Some features that might be added:

  • Search: this is by far the biggest missing feature. I wanted to have this in 1.0 but I didn't have the time. Ideally, we should have full text search for post content and titles, names and such, plus all the advanced search options foolfuuka has. There are multiple ways to go about this, right now I am considering two. The first option is to use Postgresql full text search. This is limited, but it actually does have all the features realistically needed for our use case, and it doesn't add any external dependencies. This would ensure search is always available. The second option is using meilisearch which is a rust full text search engine that is both lightweight and easy to set up, it works well out of the box. This would give us more capabilities, it is very flexible. But it's an external dependency that users would have to download and run separately like Postgresql itself. So I am hesitant to add it, and it would have to be optional, making search not always available. On the other hand, using something like elasticsearch would be a huge dependency that I'm not willing to take, and it requires a lot more configuration. Also it's the opposite of lightweight among web servers.
  • purge BOARD command, to delete all archived data relative to a particular board. Would delete all posts, and all images that were only posted on that board, while preserving images also present on others. Would have option to only delete full images and preserve thumbnails and post data.
  • hide ID command, to hide a particular post from being served by the API, or an entire thread if the ID is of a thread OP. Would simply mark the post as "hidden" on the database, without deleting, it, but it would no longer be publically visible. Mainly meant in cases where someone was doxxed and asked to have the info taken down. This would also have an option to delete the images associated with the post or thread that aren't present on other posts, while still keeping them marked as downloaded, so they would not be downloaded again.

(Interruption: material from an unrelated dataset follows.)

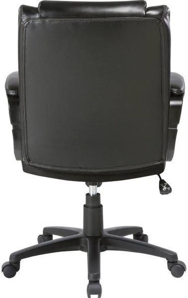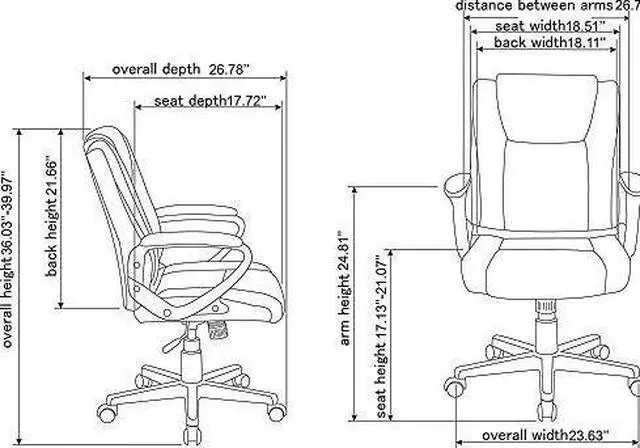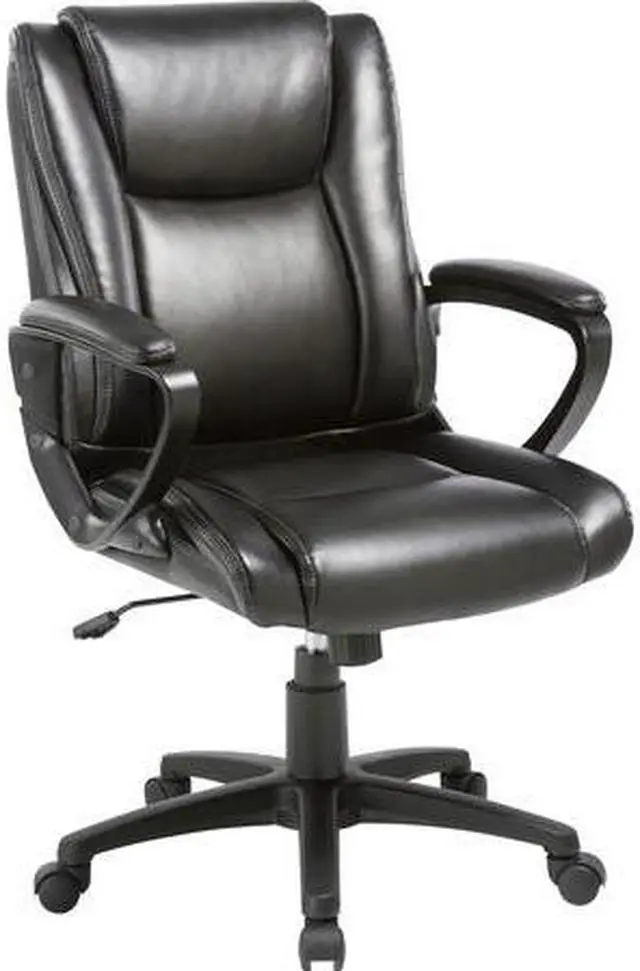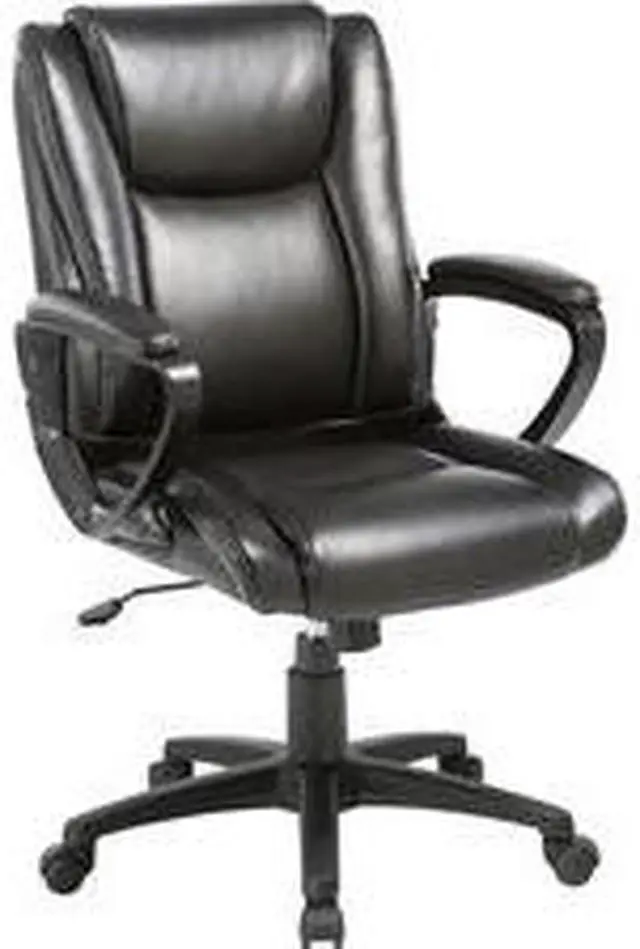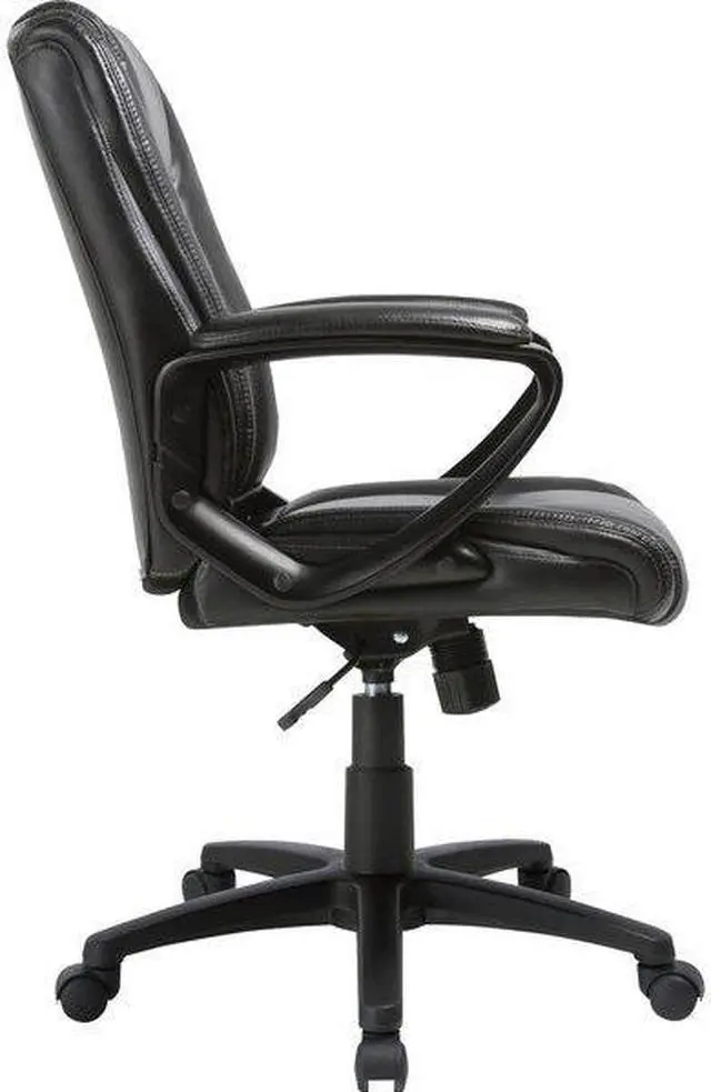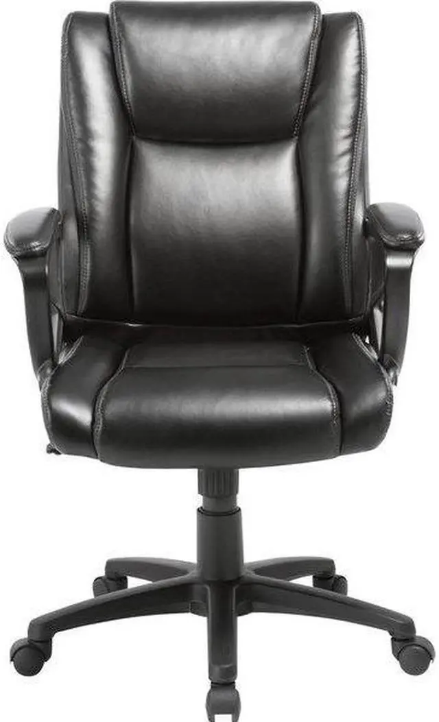 Lorell Soho High-back Leather Chair - Black Bonded Leather Seat - Black Bonded Leather Back - 5-star Base - 18.51" Seat Width - 26.4" Length x 24" Width x 24.8" Depth x 38.3" Height - 1 Each Rolling chair with fixed arms features a bonded leather exterior to provide timeless style that fits in nearly any room. Padded design offers comfortable support through extended periods of seating. Seat-height adjustment with tilt allows a variety of users to sit comfortably at their desk. 360-degree swivel allows you to effortlessly rotate the chair for added convenience.

  • check command, to check the image store for corruption or missing images. This would first scan the database to see all images that are marked as downloaded, and then ensure that they exist on disk, hash the files to compare MD5s to make sure they are not corrupted. If an image is missing or corrupted, it would correct the database, and mark it as absent. Might also delete images that are on disk but aren't tracked in the database.
  • Object storage (S3 compatible) option to store images. This is not very difficult to implement by itself, but it requires handling more error cases, for example retrying when an upload to the object storage provider fails. Right now if an image fails to be saved to disk, it is dropped immediately and no retries are made. But with a remote storage provider more things can fail, and they might only fail temporarily.

At the moment a full imageboard engine with posting and administration is considered out of scope, however if you are interested in working on that, you should make an issue to discuss it.